LETÍCIA: – Professora, foi uma aula. Uma aula, eu só posso agradecer tudo que você compartilhou conosco, o seu tempo e acho que os nossos ouvintes também vão adorar escutar tudo que falou, foi uma experiência muito desafiadora pensar também em fazer essa entrevista sem os intérpretes. Então eu confesso que estava bastante tensa porque eu fiquei com muito receio de não deixar você a vontade, de você não não conseguir fazer assim, tipo, será que a gente ia saber? Será que nós conseguiríamos fazer direito, fazer de uma forma que fosse acolhedora. Então, eu só tenho a agradecer por você ter aceito nosso convite e ter dividido todo o seu conhecimento, e a sua vivência, a sua experiência, a sua identidade conosco. 
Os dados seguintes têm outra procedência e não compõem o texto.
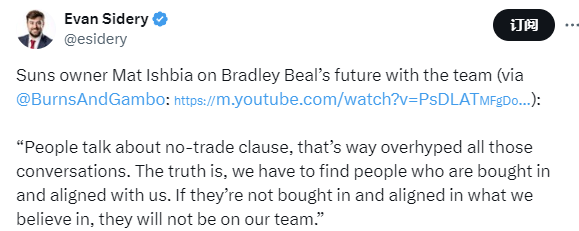 2025-04-18 10:20北京时间4月18日,太阳队老板伊什比亚接受采访,谈到了布拉德利-比尔的未来。
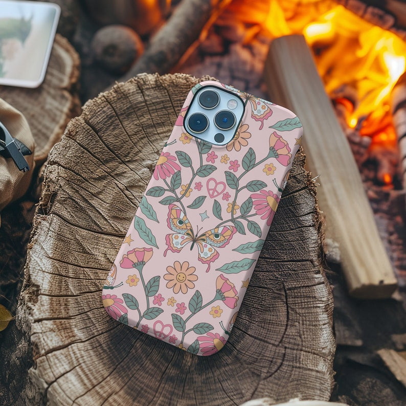 Cottagecore Pink Retro Groovy iPhone Case Aesthetic Gift for 11 16
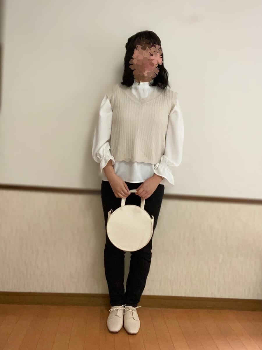 しまむらの黒スキニーに白いブラウスを合わせた、きれいめなモノトーンコーデ。
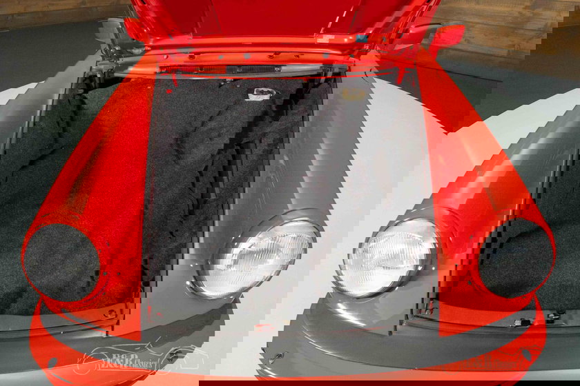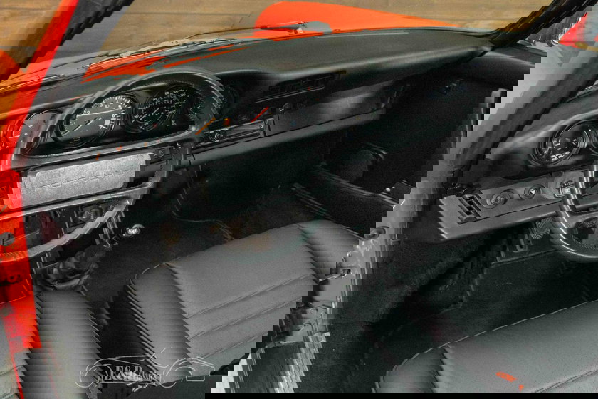Het exterieur wordt gekenmerkt door het opvallende rode lakwerk dat prachtig contrasteert met de zwarte accenten en de klassieke zwarte Fuchs velgen. De brede heupen en herkenbare lijnen van de 911 komen in deze uitvoering perfect tot hun recht. Het afneembare targa-dak biedt de mogelijkheid om in een handomdraai van coupé naar open rijbeleving te gaan. Het interieur is uitgevoerd in stijlvol zwart en verkeert in een nette conditie, met comfortabele elektrisch verstelbare stoelen en een overzichtelijk dashboard dat volledig gericht is op de bestuurder. De combinatie van het rode exterieur en het zwarte interieur geeft deze Porsche een tijdloze en sportieve uitstraling.

PROFESSORA SHIRLEY: – Obrigada. 


DAVI: – Para mim também professora, foi sensacional, assim. Eu acho que ouvir da vivência do outro tem o “que” a mais, assim, do que são as leituras, do que são essas cinquenta e oito horas, sessenta e oito horas dos cursos que a gente tem da licenciatura. Ouvir a senhora falar, eu acho que é muito mais do que um semestre tendo libras, estudando o mínimo que for, sabe? Então se poder ouvir de você essas coisas que ainda não foram compartilhadas eu acho que vai encontro diretamente com o nosso objetivo do podcast, o porquê do principal da gente pensar em fazer o podcast que fala sobre línguas, sobre a identidade das pessoas, envolvida com a língua. Então, eu estou muito feliz, muito feliz. Eu acho que esse é um dos episódios mais deu certo assim eu acho, sabe? Assim, com o que a gente propôs, entendeu? Então eu estou muito contente. 


PROFESSORA SHIRLEY: – Entendi. Olha que interessante eu estava pensando aqui. Todas as vezes que vocês fazem ninguém fala por exemplo, pede para falar. Para vocês falarem. Nós surdos queremos esse feedback para a gente entender como que o ouvinte pensa. Interessante, não é? Dada, eu queria só mostrar pra você que eu tava falando como eu, eu tô fazendo curso. Ah, peraí. E aí pode, pode fechar se vocês quiserem. Gente, tchau! Vamos tirar uma foto?